» **BRIEF**: Starting at the line that contains "发送1000次请求,httpx 异步模式耗时5秒左右" in the listing below, write out every line word for word until you have written the line that contains "Потоки припливного та".

» **GIVEN DATA**:
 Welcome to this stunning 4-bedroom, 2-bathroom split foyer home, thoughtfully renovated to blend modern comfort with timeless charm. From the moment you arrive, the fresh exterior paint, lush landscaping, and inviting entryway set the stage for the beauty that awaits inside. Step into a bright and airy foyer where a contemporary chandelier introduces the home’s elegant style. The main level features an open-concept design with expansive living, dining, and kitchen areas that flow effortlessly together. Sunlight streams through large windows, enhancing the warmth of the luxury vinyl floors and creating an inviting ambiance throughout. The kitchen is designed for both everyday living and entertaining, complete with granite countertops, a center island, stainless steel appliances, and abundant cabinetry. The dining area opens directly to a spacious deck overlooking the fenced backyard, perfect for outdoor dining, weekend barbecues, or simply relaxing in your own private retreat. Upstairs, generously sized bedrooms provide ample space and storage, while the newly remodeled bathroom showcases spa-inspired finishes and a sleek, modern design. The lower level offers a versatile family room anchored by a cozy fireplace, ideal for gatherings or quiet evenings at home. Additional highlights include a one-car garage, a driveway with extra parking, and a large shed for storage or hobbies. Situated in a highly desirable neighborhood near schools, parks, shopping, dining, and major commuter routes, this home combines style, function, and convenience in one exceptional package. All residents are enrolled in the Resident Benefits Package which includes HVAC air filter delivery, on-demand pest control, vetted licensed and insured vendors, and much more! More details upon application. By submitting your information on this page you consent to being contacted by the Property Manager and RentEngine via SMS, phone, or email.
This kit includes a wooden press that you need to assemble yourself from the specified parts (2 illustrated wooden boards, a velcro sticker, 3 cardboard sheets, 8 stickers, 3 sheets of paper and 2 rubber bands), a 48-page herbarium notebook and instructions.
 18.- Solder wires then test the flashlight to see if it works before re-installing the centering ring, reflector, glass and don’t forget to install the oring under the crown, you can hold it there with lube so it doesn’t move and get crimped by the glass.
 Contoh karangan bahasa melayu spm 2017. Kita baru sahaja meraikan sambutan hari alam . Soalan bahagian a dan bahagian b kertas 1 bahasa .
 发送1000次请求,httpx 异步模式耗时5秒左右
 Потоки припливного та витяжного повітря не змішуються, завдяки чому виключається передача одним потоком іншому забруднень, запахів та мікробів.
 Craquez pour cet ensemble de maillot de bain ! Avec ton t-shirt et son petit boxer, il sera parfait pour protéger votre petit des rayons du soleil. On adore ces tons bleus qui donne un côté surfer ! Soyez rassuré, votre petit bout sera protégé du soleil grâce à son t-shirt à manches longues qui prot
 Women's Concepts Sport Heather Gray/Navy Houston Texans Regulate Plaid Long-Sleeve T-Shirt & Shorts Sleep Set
---
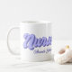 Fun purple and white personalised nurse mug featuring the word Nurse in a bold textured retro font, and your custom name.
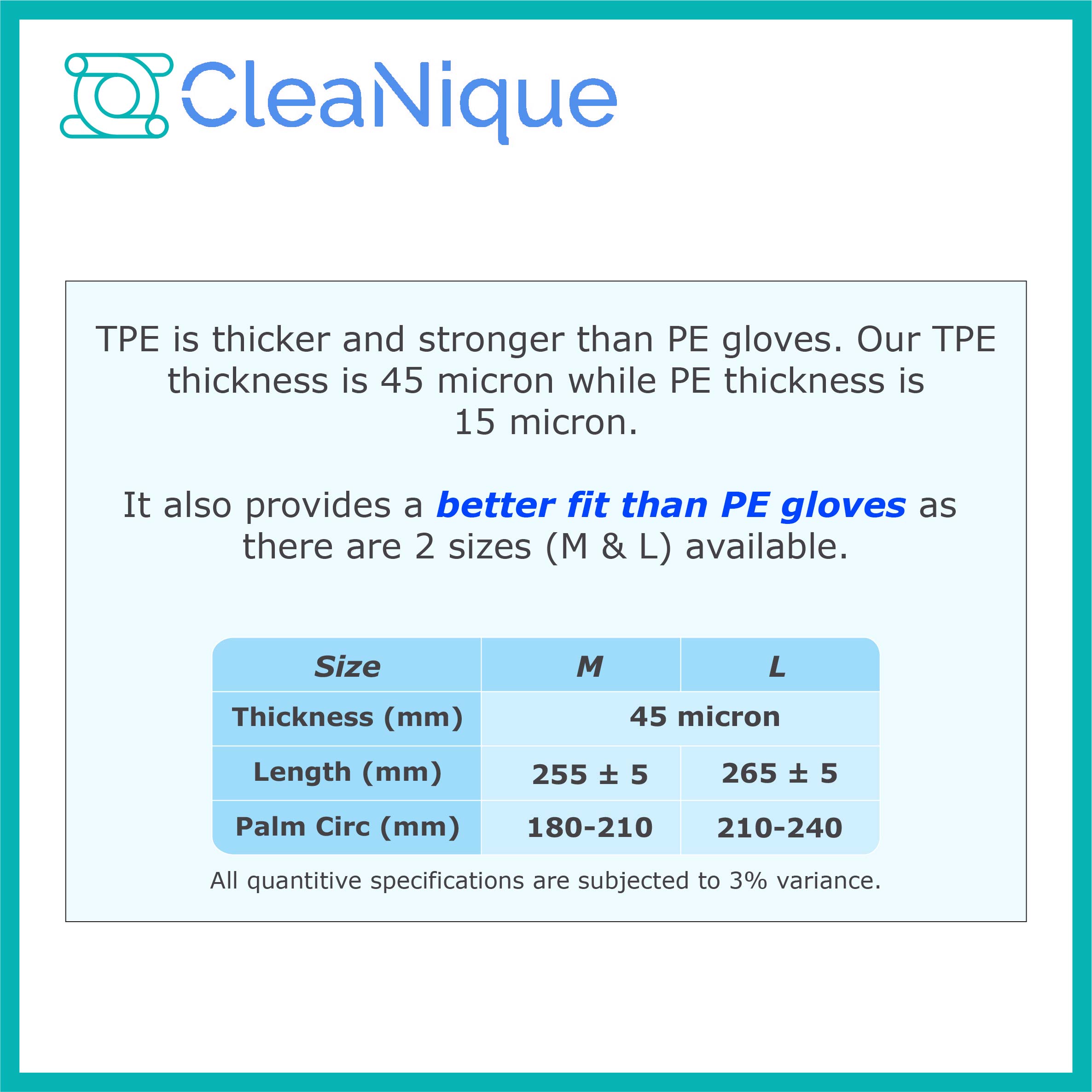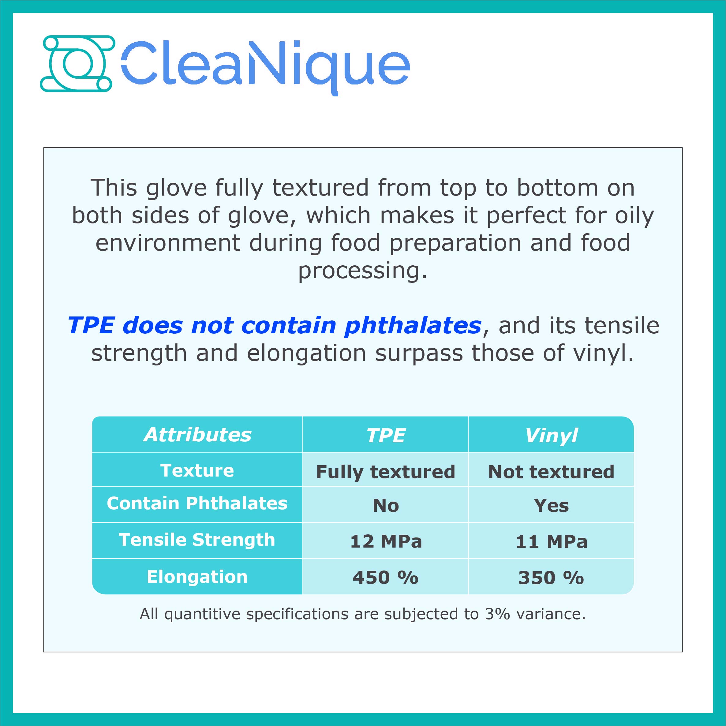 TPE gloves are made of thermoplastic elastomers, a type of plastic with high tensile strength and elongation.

» **WRITTEN REPLY**:
 发送1000次请求,httpx 异步模式耗时5秒左右
 Потоки припливного та витяжного повітря не змішуються, завдяки чому виключається передача одним потоком іншому забруднень, запахів та мікробів.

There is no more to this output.